Region sees 2030 SDA as viable means for growth, development
Posted in: Press Releases by admin | 15 July 2016 | 6750
“It is the firm view of the Caribbean Community (CARICOM) that the 2030 Sustainable Development Agenda offers a viable means for fostering growth and development in our region, where, despite some progress, economic transformation and sustainable development have been difficult to achieve.”
From remarks delivered today by H.E. Missouri Sherman-Peter, Ambassador/Permanent Observer for the Caribbean Community to the United Nations, to the High-Level Political Forum on Sustainable Development, convened under the auspices of the Economic and Social Council 2016 session, at UN Headquarters, New York.
See full remarks:
Economic and Social Council 2016 session High-level political forum on sustainable development convened under the auspices of the Council (agenda item 6) Session 16 Discussion on “Regional experiences” REMARKS ON BEHALF OF THE CARIBBEAN COMMNITY (CARICOM) SECRETARIAT BY H.E. EXCELLENCY A. MISSOURI SHERMAN-PETER AMBASSADOR/PERMANENT OBSERVER FOR THE CARIBBEAN COMMUNITY TO THE UNITED NATIONS UNITED NATIONS HEADQUARTERS NEW YORK, USA FRIDAY, 15 JULY 2016
Mr. President, Excellencies, Distinguished Panelists, Ladies and Gentlemen:
It is the firm view of the Caribbean Community (CARICOM) that the 2030 Sustainable Development Agenda offers a viable means for fostering growth and development in our region, where, despite some progress, economic transformation and sustainable development have been difficult to achieve.
Notwithstanding their middle-income status and relatively high placement on the human development index, most of our 14 CARICOM member states continue to face significant development challenges. These challenges include low economic growth; high unemployment, especially among youths; high debt to GDP ratios; a high food import bill; high-income inequality; and high rates of poverty.

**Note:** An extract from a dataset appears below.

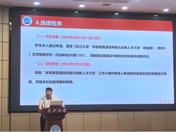 张顶学为同学们解读了《betway必威2025届毕业生“本硕博贯通培养拔尖创新人才计划”选拔工作方案》。他指出,创新人才计划针对本科毕业生包括“3+1+2本硕连读”以及“4+5直博”两种模式,选拔条件是必修课绩点专业排名前30%,本硕连读需要通过外语四级,直博则需要通过外语六级,员工取得推免资格后正式生效。他希望同学们根据自身实际情况做好学业规划,积极申请并参与选拔。

The 2030 Agenda and its deliberate integration of the SAMOA Pathway represents an opportunity to adjust our development strategies and polices so as to promote structural change, employment, productivity gains and competitiveness, while advancing social development and environmental sustainability.
Our countries are challenged by enormous public debt, which will impact the pace at which our region can implement the sustainable development goals. High debt reduces the fiscal space needed to invest in the catalytic changes at the national and regional levels to drive sustainable development. In the absence of significant debt relief, which has not been forthcoming for Caribbean economies, we will have to rely on domestic and regional resource mobilization, particularly from the private sector, to meet development needs.
The region’s private sector and civil societies, however, do not have the sufficient capacity to effectively engage in development-oriented activities, at the national or regional levels. Focus on strengthening the capacity of both the private sector and civil society to scale up their ability to engage is critical.
The propensity of the region to rely almost exclusively on international cooperation, often delivered by our international development partners through technical cooperation, capacity building initiatives, and knowledge transfer does not always allow public/private partnerships to take off as required.
Nevertheless, our initiatives to implement 2030 Agenda will benefit from our region’s integration efforts. CARICOM integration is based on four pillars: economic integration, functional cooperation, foreign policy coordination and security. The governance structures that have been put in place to drive regional decision-making in these areas are robust. They have been designed not only to facilitate good governance, but also to achieve efficiency gains through inter alia enhancement of the commitment to harmonisation and integration; regional consensus building; reduction in transaction costs though the provision of common services; and effective use of scarce human resources.
This platform provides a solid basis for CARICOM to make a persuasive case for a more central place in development cooperation, in support of the implementation of the 2030 Agenda and the sustainable development goals.
This global initiative comes at a time when CARICOM is implementing its Strategic Plan 2015-2019. The Strategic Plan is premised on a resilience model for socio-economic progress. It targets the achievement of economic, social, environmental and technological resilience.
It emphasises the importance of addressing inequality, and advocates the mainstreaming of inclusiveness in public policy, and the adoption of integrated approaches to development. The Strategic plan can play a key role roll in streamlining and systematizing the delivery of support for implementation of the 2030 Agenda and Sustainable Development goals in the Caribbean.
Ladies and gentlemen, the Caribbean Community has made great strides to address its developmental challenges through regional integration processes. There is no doubt that implementation of the 2030 Agenda and the SAMOA Pathway will provide yet another opportunity for the region to work even more collaboratively with all stakeholders to seek solutions to those challenges that in a real sense, unwittingly limit our aspirations and constrain our development.